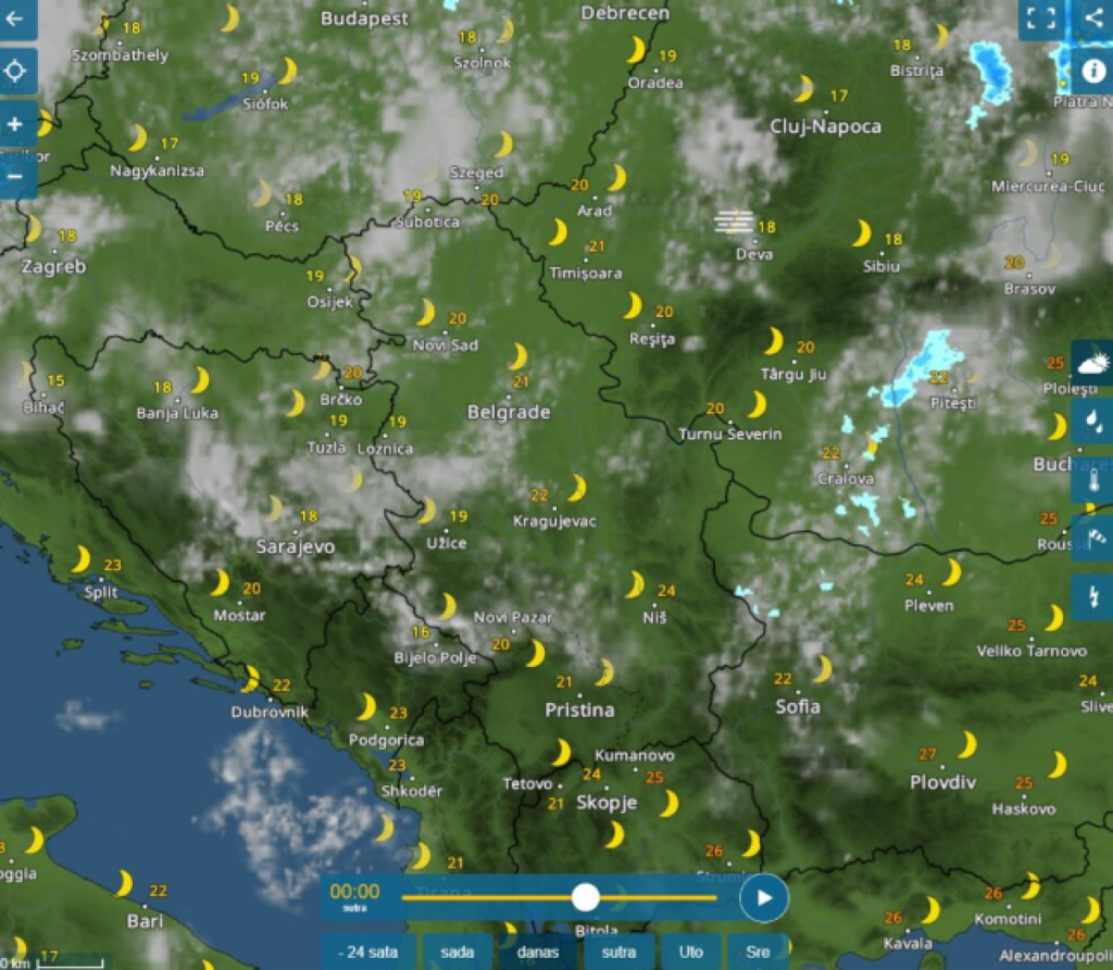 Najviša dnevna temperatura od 25 na severozapadu do 33 stepeni na jugu i jugoistoku zemlje, navodi u saopštenju RHMZ.
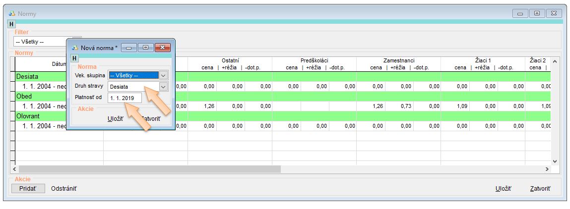 - Normu vytvorte pre všetky druhy stravy. (Desiata, Obed,Olovrant)
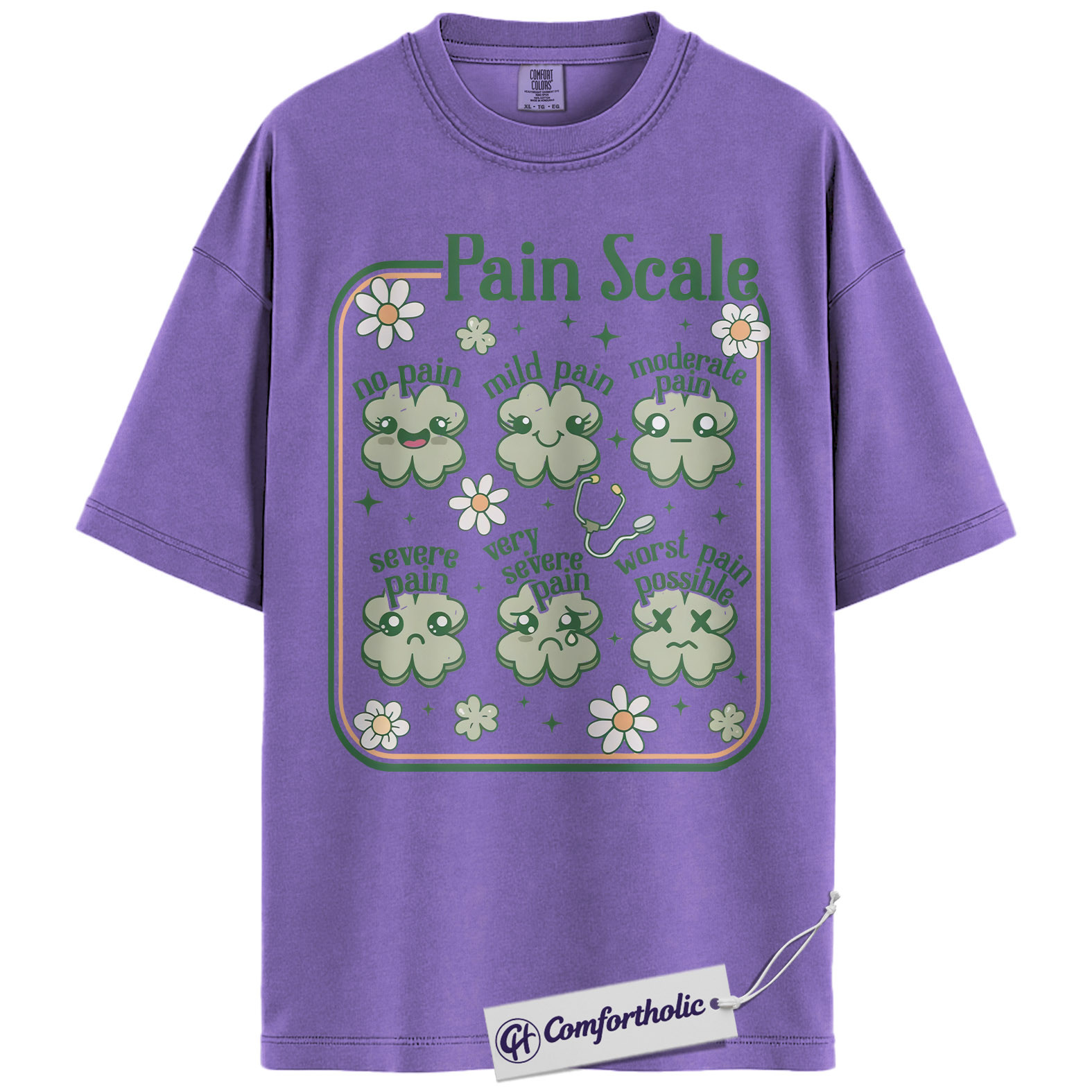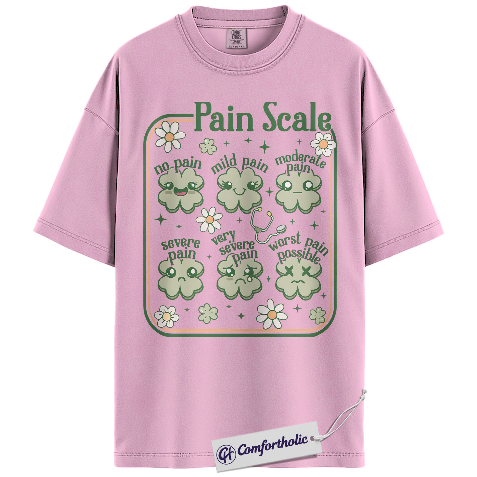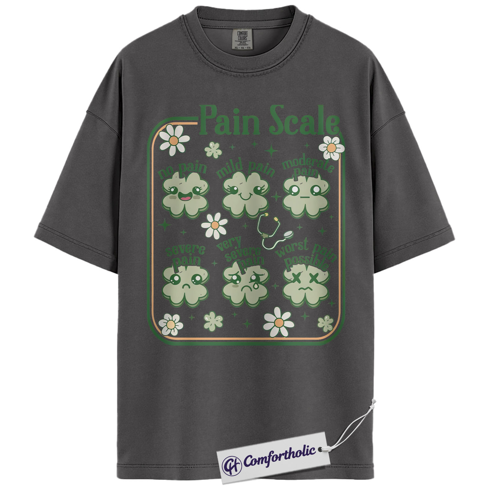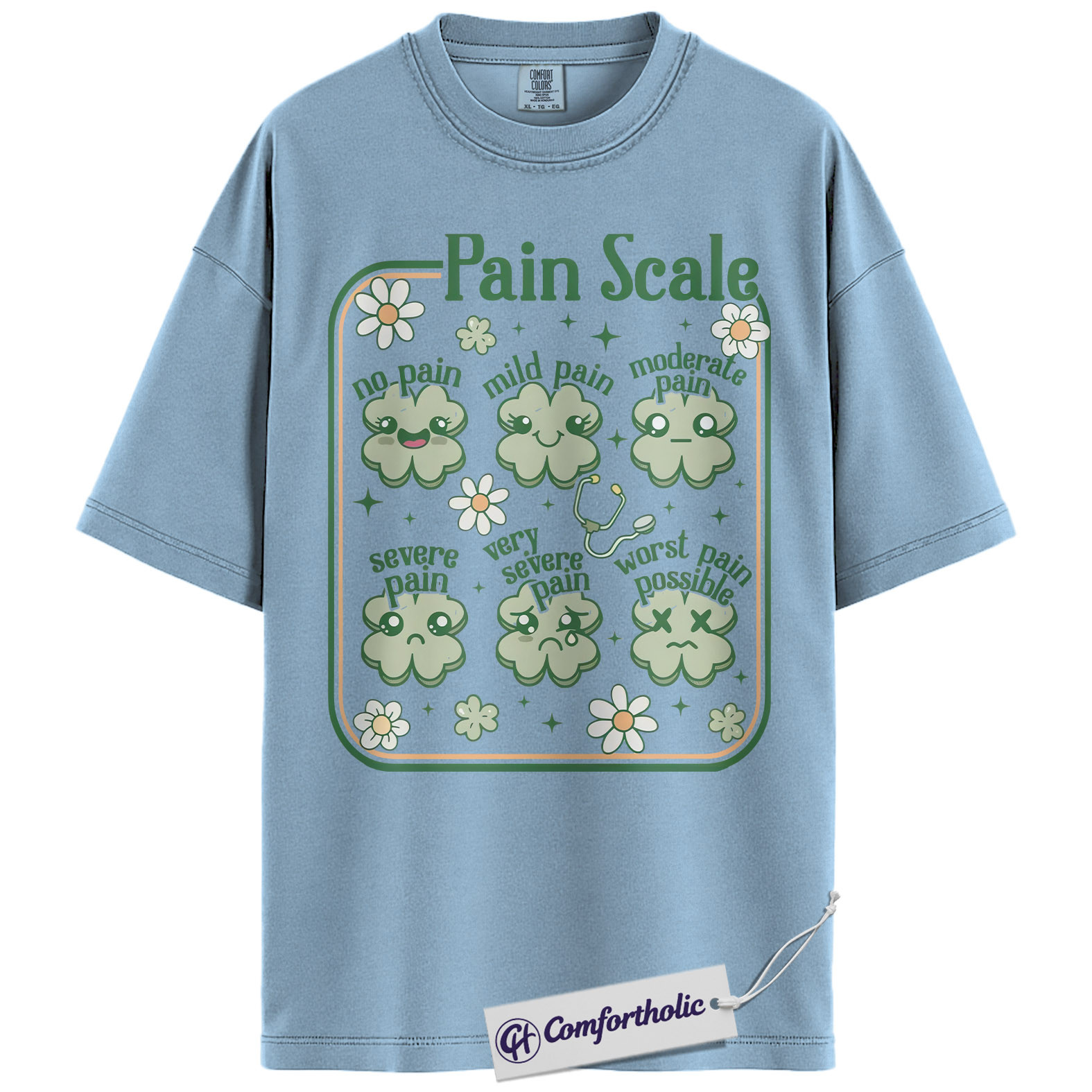 St Patrick’s Day Nurse Pain Scale Shirt, Funny Shamrock Medical Humor Graphic Tee, Cute RN T-Shirt, St Paddy’s Day Gift for Nurses, Comfort Colors Shirt

------------------------------------------------------------

Problem: The output consists of exactly the lines from the one containing "- Normu vytvorte" through the last line of the listing, both included, with no pictures.

Answer area:
 - Normu vytvorte pre všetky druhy stravy. (Desiata, Obed,Olovrant)
 St Patrick’s Day Nurse Pain Scale Shirt, Funny Shamrock Medical Humor Graphic Tee, Cute RN T-Shirt, St Paddy’s Day Gift for Nurses, Comfort Colors Shirt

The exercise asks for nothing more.